Rust is a systems programming language known for its focus on memory safety, zero-cost abstractions, and concurrency without data races. In this guide, we’ll cover the core building blocks of Rust programming—from managing memory with ownership and borrowing to leveraging smart pointers, traits, strings, concurrency, metaprogramming, iterators, closures, and the standard library collections.

Table of Contents

  1. Ownership, Borrowing, and Lifetimes
  2. Smart Pointers
  3. Traits and Trait Objects
  4. Demystifying Strings
  5. Concurrency with std::thread
  6. Metaprogramming and Macros
  7. Iterators and Closures
  8. Standard Library Collections

Ownership, Borrowing, and Lifetimes

Rust’s unique approach to memory safety is built on three interrelated concepts:

  • Ownership: Each piece of data has a single owner. When the owner goes out of scope, the data is dropped.
  • Borrowing: Instead of transferring ownership, you can lend references to data. There are immutable borrows (&T) that allow multiple readers, and mutable borrows (&mut T) that allow one writer at a time.
  • Lifetimes: Lifetimes ensure that references remain valid as long as needed and no longer.
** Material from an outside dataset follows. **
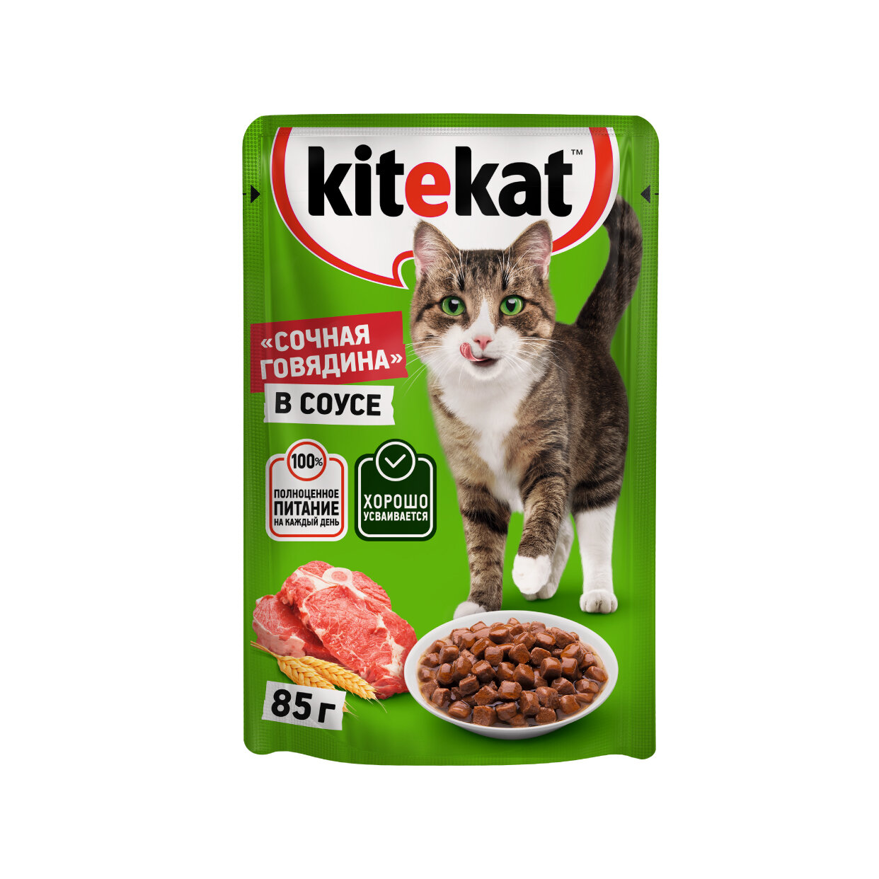 Влажный корм KiteKat для кошек сочная говядина в соусе 85г информация:

Example: Ownership and Moving

Imagine a treasure chest that only one pirate can own at a time.

fn main() {
    let treasure = String::from("Gold Coins"); // treasure owns the data
    let captain_treasure = treasure; // Ownership moves to captain_treasure
    // println!("{}", treasure); // Error! The original owner no longer has access.
    println!("Captain's treasure: {}", captain_treasure);
}

Example: Borrowing and Lifetimes

A pirate can lend a map without giving up the treasure.

fn main() {
    let treasure = String::from("Gold Coins");
    {
        let map = &treasure; // Borrowing the treasure as an immutable reference
        println!("Reading the treasure map: {}", map);
        // `map` is valid only within this block.
    }
    // Now, treasure is free of borrows.
    println!("Treasure is still safe: {}", treasure);
}

Example: Mutable Borrowing

A single pirate can modify the treasure, but only one mutable reference is allowed at a time.

fn main() {
    let mut treasure = String::from("Gold Coins");
    
    // Borrow immutably for a read
    println!("Initial treasure: {}", &treasure);
    
    {
        let mut mutable_ref = &mut treasure; // Unique mutable borrow
        mutable_ref.push_str(" and Silver Coins");
        println!("Modified treasure: {}", mutable_ref);
    } // mutable_ref goes out of scope here
    
    // Now we can borrow again
    println!("Final treasure: {}", treasure);
}

Smart Pointers

Smart pointers extend regular pointers with extra capabilities like heap allocation, shared ownership, and interior mutability.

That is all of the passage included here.